Model checking, model verification and debugging are the three methods to improve the correctness of a model or to find out potential errors in it.
Model checking checks the correctness of a model by means of formal property proving. This checking does not depend on individual experiments. The properties, such as reachable states and acceptable event lists, are always true for the model. Model verification checks the correctness of a model by means of multiple simulations. The common properties of those simulations are summarized and are regarded as properties of the model. For example, the states that are not entered in all those simulations are considered unreachable states of the model. However, this conclusion may not be correct because of the non-exhaustive sampling of all possible behaviors.

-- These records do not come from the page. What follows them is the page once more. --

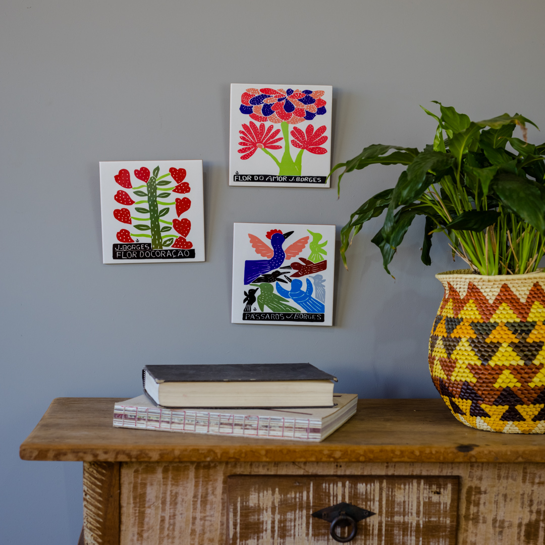 Azulejo de Parede Xilogravura J. Borges - Flor do Coração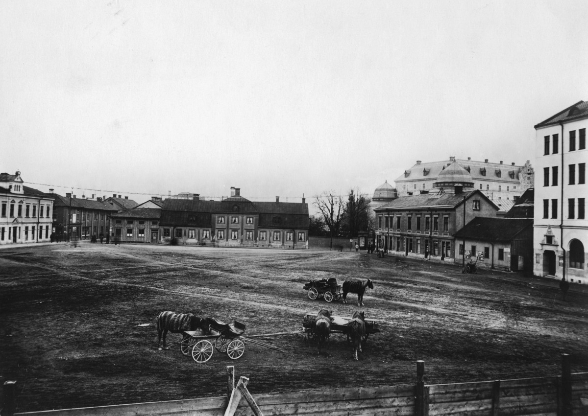 Järntorget med häst och vagnar i förgrunden.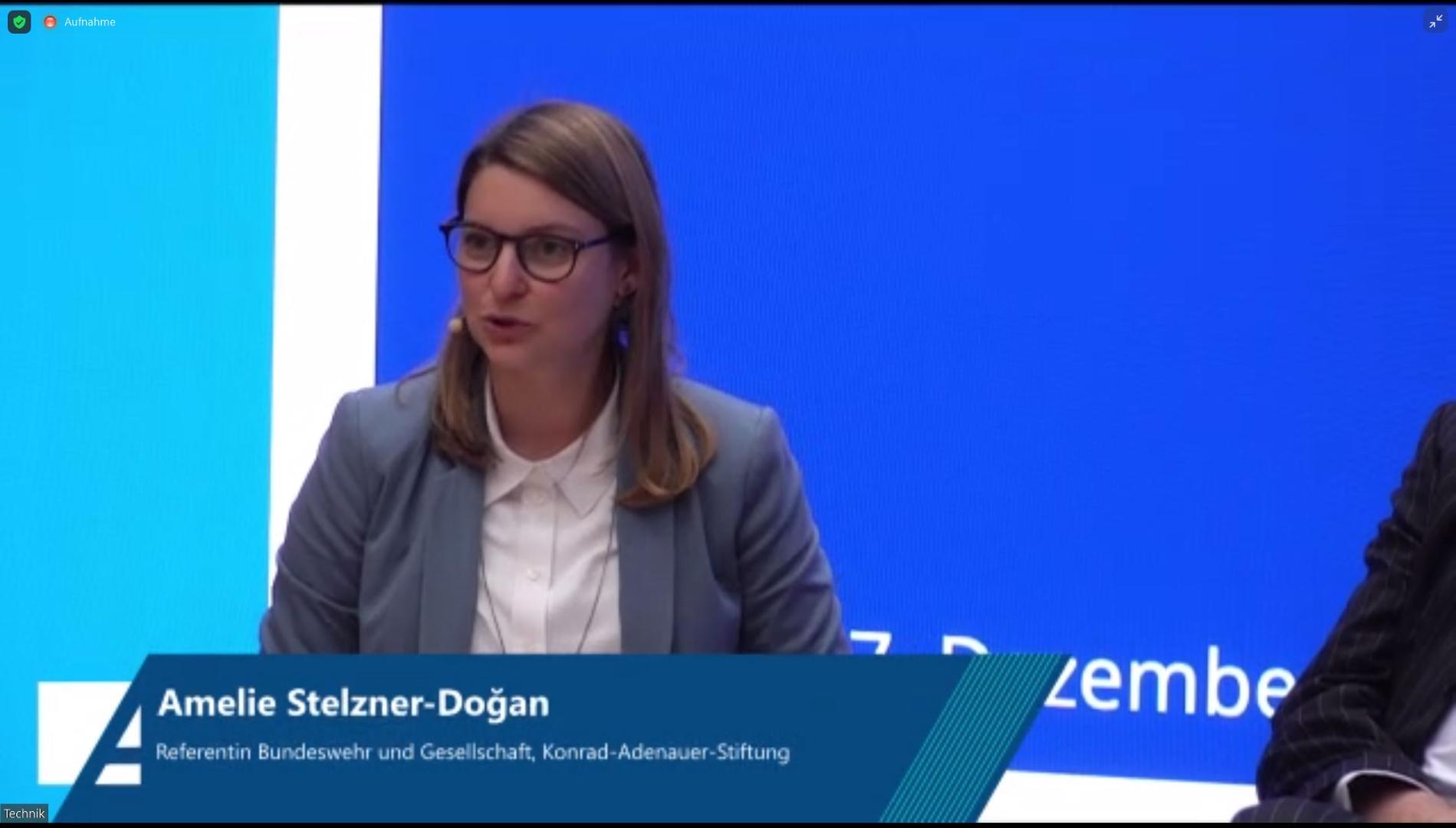 Hybride Bedrohungen, Cyberkriminalität und Terrorismus sind nur einige der komplexen Herausforderungen, denen unsere Gesellschaft gegenübersteht. Sie stehen exemplarisch für eine zunehmende Wechselwirkung äußerer- und innerer Sicherheit. Die Coronapandemie hat zusätzlich deutlich gemacht, dass auch die Grenze zwischen militärischer und ziviler Krisenbewältigung zunehmend verwischt. Gleichzeitig zeigt sich, wie wichtig die politische Vermittlung angesichts dieser neuen Bedrohungsformen für das Vertrauen der Gesellschaft in den Staat ist, sagte die Moderatorin Amelie Stelzner-Doğan, Referentin für Bundeswehr und Gesellschaft bei der Konrad-Adenauer-Stiftung.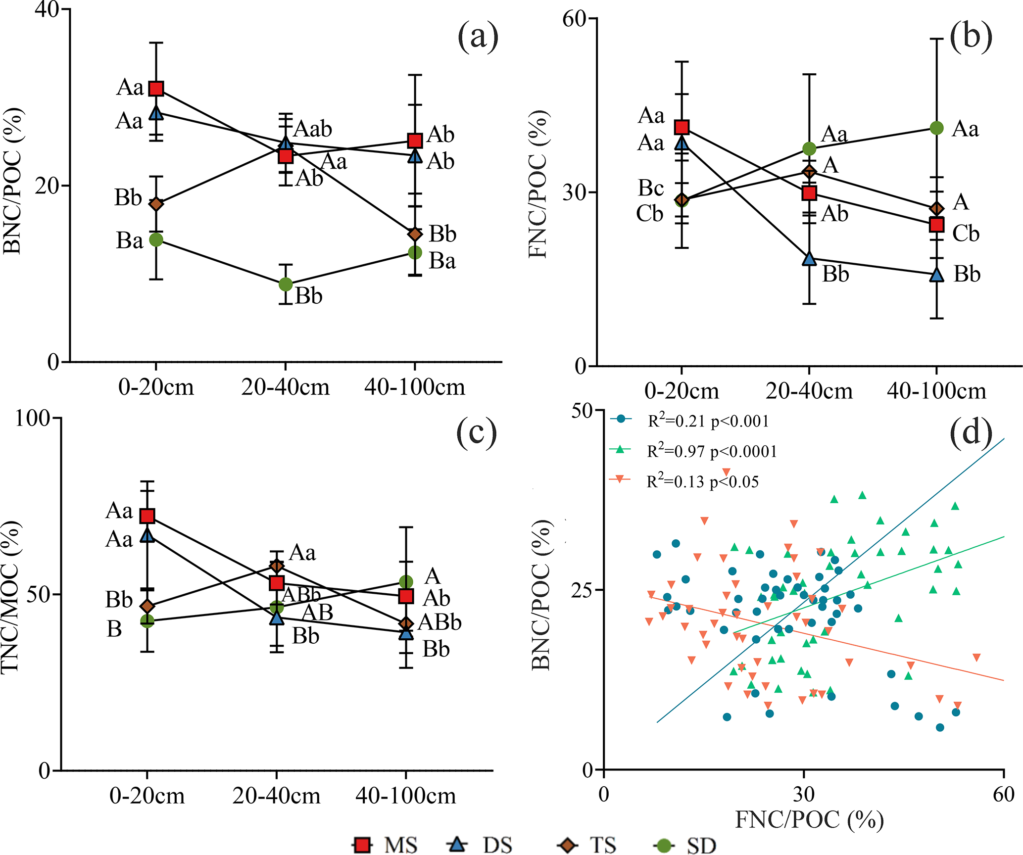 The contributions of BNC to POC were 13 %–31 %, 9 %–24 %, and 12 %–25 % in the 0–20, 20–40, and 40–100 cm layers, respectively (Fig. 6a). Similarly, FNC contributed 29 %–41 %, 19 %–38 %, and 16 %–41 % (Fig. 6b), while TNC contributed 42 %–72 %, 43 %–58 %, and 39 %–54 % to POC in the respective layers (Fig. 6c). The relationship of and were positively correlated in the 0–20 and 20–40 cm layer (R2 = 0.21, p<0.001; R2 = 0.97, p<0.0001). While, they were negative in 40–100 cm layer (R2 = 0.13, p>0.05), and no correlations at 40–100 cm layers (Fig. 6d).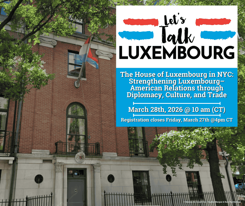 The House of Luxembourg in New York City serves as a central hub for Luxembourg’s economic diplomacy and cultural exchange in the United States. This two part program explores the House’s role in strengthening Luxembourg American relations through business development, innovation, and cultural engagement. Luc Decker, Consul General of Luxembourg and Executive Director of the Luxembourg Trade and Investment Office, will discuss his role in advancing economic diplomacy, while Laurence Pierron will present the history of the House itself, tracing its significance as a diplomatic and cultural landmark. Together, their presentations offer a comprehensive view of how the House of Luxembourg supports collaboration, investment, and long-standing transatlantic ties.

In fact, to achieve 100% certainty for a single property, an infinite number of simulations are usually required. Those simulations exhaust all possible traces of the model simulation. This is, of course, impossible. As a result, model verification is less formal than model checking. Debugging is the least formal in this comparison, since it is responsible for only one simulation or one group of simulations. When an error occurs in a simulation, the debugger usually looks inside the faulty part of the model to locate the error. When a design error is discovered, the debugger tries to fix it without affecting the other parts. However, this is usually impossible, and the result of this modification becomes unpredictable.
This chapter mainly discusses model verification, as it is the most well-studied approach. Our paper on consistency checking [40] contains a general discussion and an example of model verification with SVM. Formal model checking of DCharts is interesting and useful for many applications. It will be studied in the future. Debugging of DCharts models in the SVM simulator has been discussed in the previous chapter.